Projects and standards are important only insofar as they can form integrated infrastructure that can carry out research. So you’ll not only help engineer systems but also put them together into new end-to-end data processing solutions, or use your knowledge to improve our existing installations. The use cases are many and varied - for example to run QA processing on genome sequences submitted to EMBL-EBI archives or to process distributed biomedical data hosted in different countries. You will engage with the relevant teams within EMBL-EBI and the wider bioinformatics community to drive improvements and address issues as they are identified.

This is where your bioinformatics experience comes in as it will give you insight into the problems that our service and research teams are really trying to solve. However, please be aware that this is an engineering role with a bioinformatics flavour rather than a bioinformatics role with an engineering flavour. Your core duties will always be on the engineering side of the workflow and data infrastructure systems rather than the pure bioinformatics side.

You’ll also exercise your cloud skills as infrastructure is increasingly hosted on internal clouds, external clouds, and in a hybrid model. You’ll have a good knowledge of Kubernetes, Docker and associated projects such as Terraform and Prometheus with the opportunity to extend your skills as opportunities arise.

We’ve named a lot of technologies in this text and there are a few hard requirements in the section below. However, your overriding skills will be your ability to collaborate intelligently and work autonomously. You’ll be asked by your manager to tackle specific projects from time to time but you’ll also have the initiative to formulate your own work proposals within the general requirements of the cluster. You’ll attend project calls and sometimes physically travel outside the UK to external project meetings and events such as hackathons.

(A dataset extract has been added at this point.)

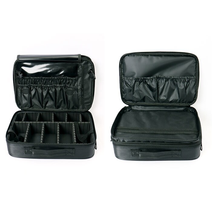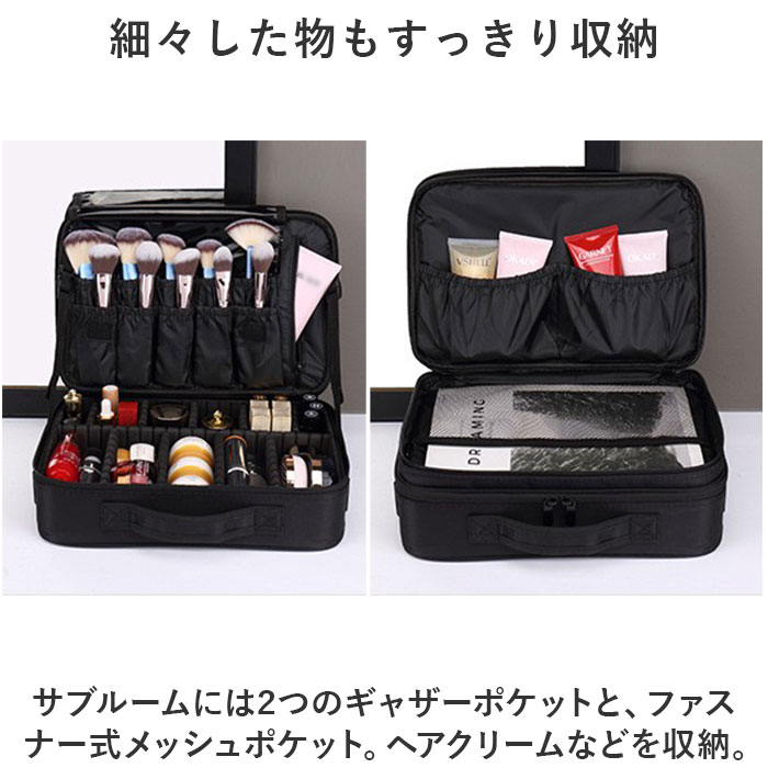 | 商品説明 | メイクアイテムをひとまとめ♪ポケットや仕切り付きで整理整頓ラクラク!「メイクボックス」が新登場。【定位置を決めて迷子知らず◎】増えがちなコスメアイテムやツールを、全部まとめてIN!1つ1つの住所を決めやすく、あれ…どこいった?と探す手間を軽減。【たっぷり入る2スペース仕様】収納力がアップする2スペースタイプ。使いやすく仕分けできるのが嬉しい!【ガバっと開いて出し入れスムーズ】・2スペースともに、左右どちらからも開くダブルファスナーで180度オープン。使いたいアイテムが一目瞭然◎【自分仕様にアレンジできる可動式】耐久性がありつつ、傷付きを防ぐ仕様の仕切り付きスペース。仕切りはお好みの位置に変更でき、ちょこっと大きなパウダーやスキンケア類も収納OK。【ブラシなどのツールもすっきり】フタ裏10個のギャザーポケットには、ブラシ類を収納。面ファスナー式のフラップでこぼれ落ちや汚れをガード。小物が入るファスナーポケットも装備。【サポートベルトでしっかりキープ】両サイドのバックル式ベルトを、お好みの長さに調節。フタを開いた状態を保持できて便利。【細々した物もすっきり収納】サブルームには2つのギャザーポケットと、ファスナー式メッシュポケット。ヘアクリームなどを収納。【持ち運びがスマート&安心設計】上部に持ち手が付いており、移動や持ち運びも簡単。安定感ばっちりなボックス型&クッション材入りで衝撃を和らげて中身を保護。【肩掛けもキャリーオンも自在】長さ調節できるショルダーベルトを取り付けて、肩掛け。背面のベルトをキャリーケースのバーに通すこともでき、プロのメイクさんにもおすすめ。【長く愛用できるシンプルなつくり】使う人を選ばず飽きのこない、シンプルなブラックカラー。場所をとらないサイズ感も魅力。 |

From time to time as requested you’ll also carry out other technical duties such as reviewing technical proposals and presenting your work at meetings.

You have

  • A bachelor’s degree or higher in bioinformatics, computer science, software engineering, or equivalent experience.

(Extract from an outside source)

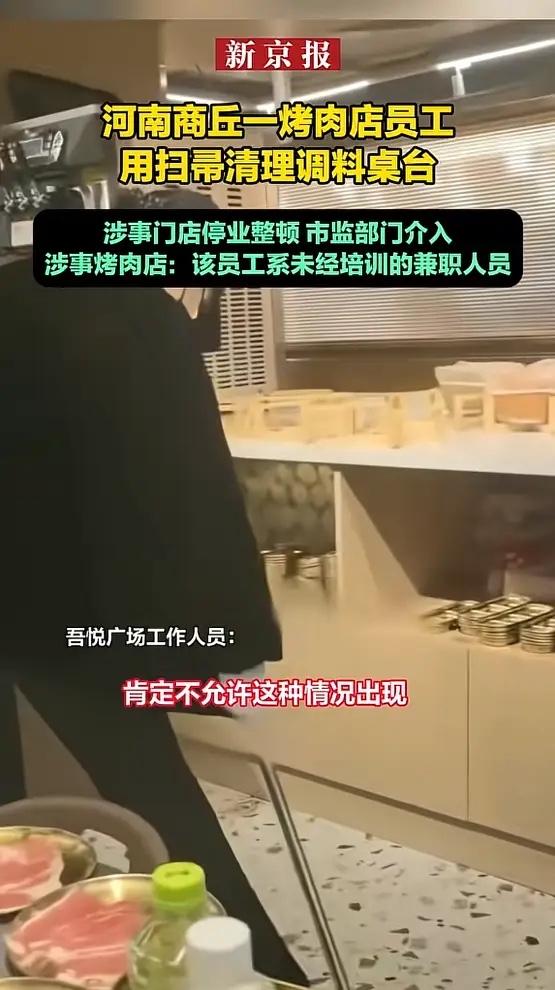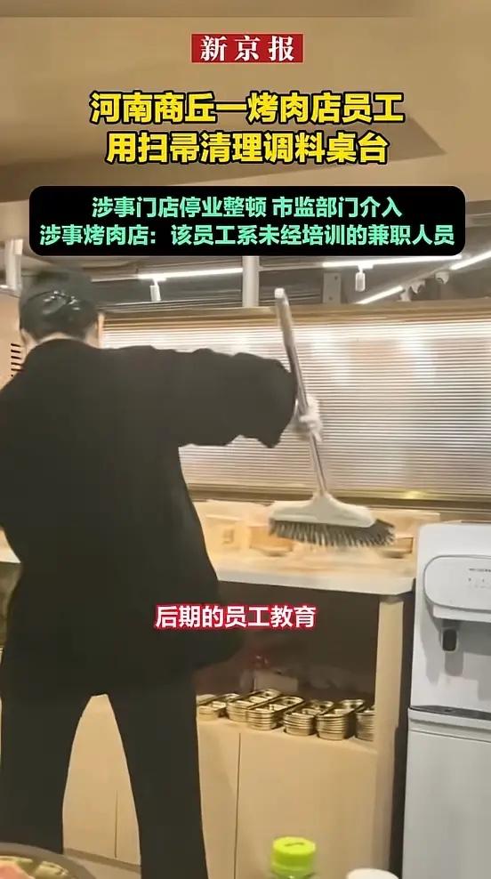 “顾客天塌了!”1月3日,河南商丘,一女子在烤肉店用餐时,发现一名服务员竟用扫把清理调料台,清理完后还接着扫地,扫下的污渍直接落到下方的餐具柜,这让女子瞬间没了食欲,开始担心自己用的餐盘是否干净。网友:谁还吃得下去! 调料台上摆着各种小料,旁边就是洗净待用的碗盘,那位头戴黑帽的服务员,手里那把扫帚先在台面上来回刮擦,把残渣扫进簸箕,紧接着非常自然地弯腰,用同一把扫帚开始清理地面,扫帚头上的碎屑直接掉进了下方餐具柜的盘子里。拍摄视频的网友当时还在就餐,这一幕让她十分不适,胃口全无。 1月4日,涉事烤肉店做出回应,解释称这名员工是新来的,而且是一名未经系统培训的兼职人员。店方表示,事发后已向顾客道歉,并已辞退这名员工,广场管理方也已责令该门店停业整顿。 商丘市睢阳区市场监督管理局的工作人员确认已关注到此事,并派人前往现场调查处置。宋城市监所的工作人员直言不讳地指出,这种行为确实影响食欲。门店在其官方账号评论区公开致歉,表示已对涉事员工进行开除并追究法律责任,管理层也已撤职,并承诺对店铺进行全面消杀。 表面看是一个新员工的违规操作,背后暴露的却是餐饮行业老生常谈的卫生管理漏洞。扫帚该用在哪儿,抹布该怎么分,这些最基本的操作规范,绝不是可以“无师自通”的常识。国家相关卫生规范明确要求,清扫工具应设独立存放点,不同区域、不同用途的抹布和工具必须明确区分,防止交叉污染。用扫帚扫完调料台再扫地,恰恰违背了最基本的卫生原则。 这次扫帚扫台面事件,拷问的不仅是涉事餐厅的培训是否到位,更是餐饮企业对于卫生标准的敬畏心到底有多重。对消费者而言,信任的建立需要长年累月,而崩塌往往只在一瞬间。 各位读者你们怎么看?欢迎在评论区讨论。

  • Experience working with bioinformatics workflows. You do not necessarily need to have created workflows but you must be able to demonstrate an understanding of components commonly used within them and the results they are trying to achieve.

  • Experience working with at least one of the workflow systems commonly used in bioinformatics such as Nextflow, Snakemake and Galaxy.

  • Contributed to projects used by open-source communities. You must be able to demonstrate pull request acceptance and evidence of collaborative discussion.

  • Developed software in Python or Java

  • Created containerised software in Docker or Singularity and deployed software using container orchestration tools such as Kubernetes.

  • Deployed software on cloud infrastructures such as GCP or AWS.

  • Good verbal and writing skills in English.

You might also have

  • Contributed to open-source workflow systems such as Nextflow, Snakemake and Galaxy. This need not be code - equally valid are, for example, contributions of documentation, substantive discussion and organization of builds and releases.

  • Worked on scientific projects and collaborations where participants are distributed over a number of different organizations and countries. For example, you may have experience working with the ELIXIR distributed infrastructure for life science data or in the life-science community through organisations such as GA4GH.

  • Integrated individual components (e.g. microservices) into a larger system using facilities such as message queueing and REST APIs.

  • Experience working with continuous integration systems such as Jenkins or Travis.